Oops, there’s the bell. More soon.
Love,
Twinkle
Still Monday, June 1
AP Bio
Hey-o, Sofia Coppola.
I’m sitting here trying not to expire of totalicus boredumus while Mrs. Mears explains the life cycle of the royal walnut moth, aka Citheronia regalis, aka kill me now. And you wanna know what Maddie’s doing?
Drawing a six-color diagram of said life cycle. With gel pens. I guess she doesn’t make mistakes? Even Mrs. Mears, the biologist, didn’t draw us a diagram. But Maddie probably wants to be thorough. Oh, and she’s written her name at the top of the page with her new markers (she gets new stationery and school supplies as often as regular people get new … Um, actually, I don’t know where I was going with that. She just gets them a lot), along with the date, and underlined everything three times.

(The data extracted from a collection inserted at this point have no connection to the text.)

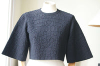 Alexander McQueen's black croc-embossed jacquard top is a charming feminine piece. This cropped design has flared bell sleeves and slips on with ease thanks to its natural give. Style yours with high waisted pants or a slim-fitting skirt.
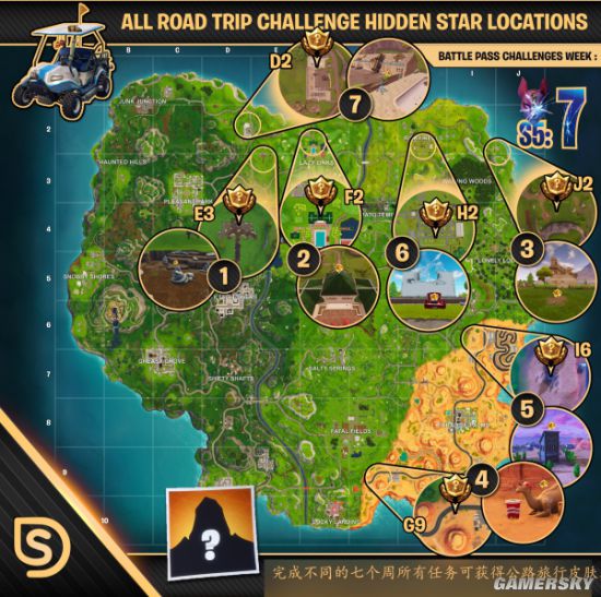 我建议,先做完特殊的收集类任务,比如沿着藏宝图寻找宝藏的任务,和使用各个地点的闪电啊,打飞饼啊之类的。然后再做开宝箱顺带淘汰敌人的任务,武器伤害淘汰随便在一局游戏里都能做,最后做所有的影藏任务。下面是影藏是所有影藏星所在的位置。
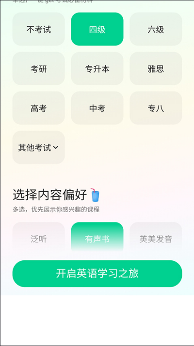 2、完成登录后进入学习引导页面,根据个人偏好选择学习类型,系统将据此推荐相应学习内容。
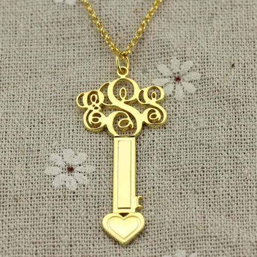 Custom Key Necklace med Fancy Monogram 18k guldpläterad
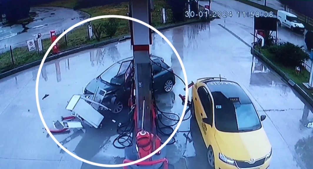 Samsun’da otomobilin yağmur dolayısıyla kayarak akaryakıt istasyonunun pompasına çarpması sonucu faciadan dönüldüğü kaza, güvenlik kamerası kamerası tarafından anbean görüntülendi.
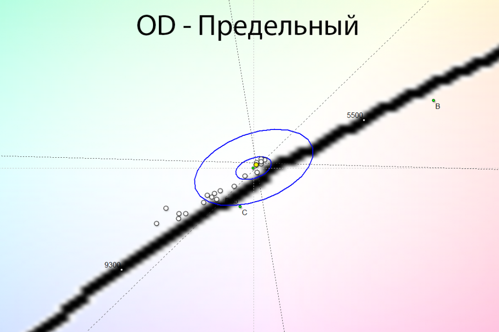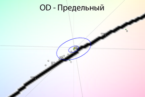 После проведения ручной настройки и калибровки треугольник на CIE диаграмме практически не меняет своё положение, результаты меняются незначительно. Минимальная разница и при включении режимов OD «Нормальный» и «Предельный».

Maddie wants to be a physician-scientist. Yeah, that’s really a thing. Being a plain old doctor or a plain old scientist isn’t challenging enough, so she decided she wants to combine them. But I’m thankful. Because if I ever get a rare disease that causes my butt to break out in fluorescent hives or something totally rando like that, I know Maddie’s the only one who could save me. She’s sort of a genius.
It must run in the family. Her dad, James Tanaka, is a world-famous artist who regularly challenges ideas of the mundane with his mixed-media pieces and has gallery showings in the United States, Tokyo, Paris, and London (literally what it says on his website in the “about” section). Plus, Maddie’s ultra-rich. She lives in one of those old neighborhoods in Broadmoor in a giant mansion.
That’s one thing that hasn’t changed even after Maddie gave up her groundling membership and became one of the silk feathered hat people. She’s still super ambitious. I haven’t been to her house in months, but I bet she still has that poster board she made of her five-year plan. It has pictures of the Johns Hopkins campus, where she wants to go to college and med school, places she wants to travel (Shanghai, Tokyo, Mumbai, Edinburgh, London), and pictures of the type of boy she wants to date (Japanese-American like her, with tattoos and not taller than 5′10″; she says she wants to meet him in the second year of medical school).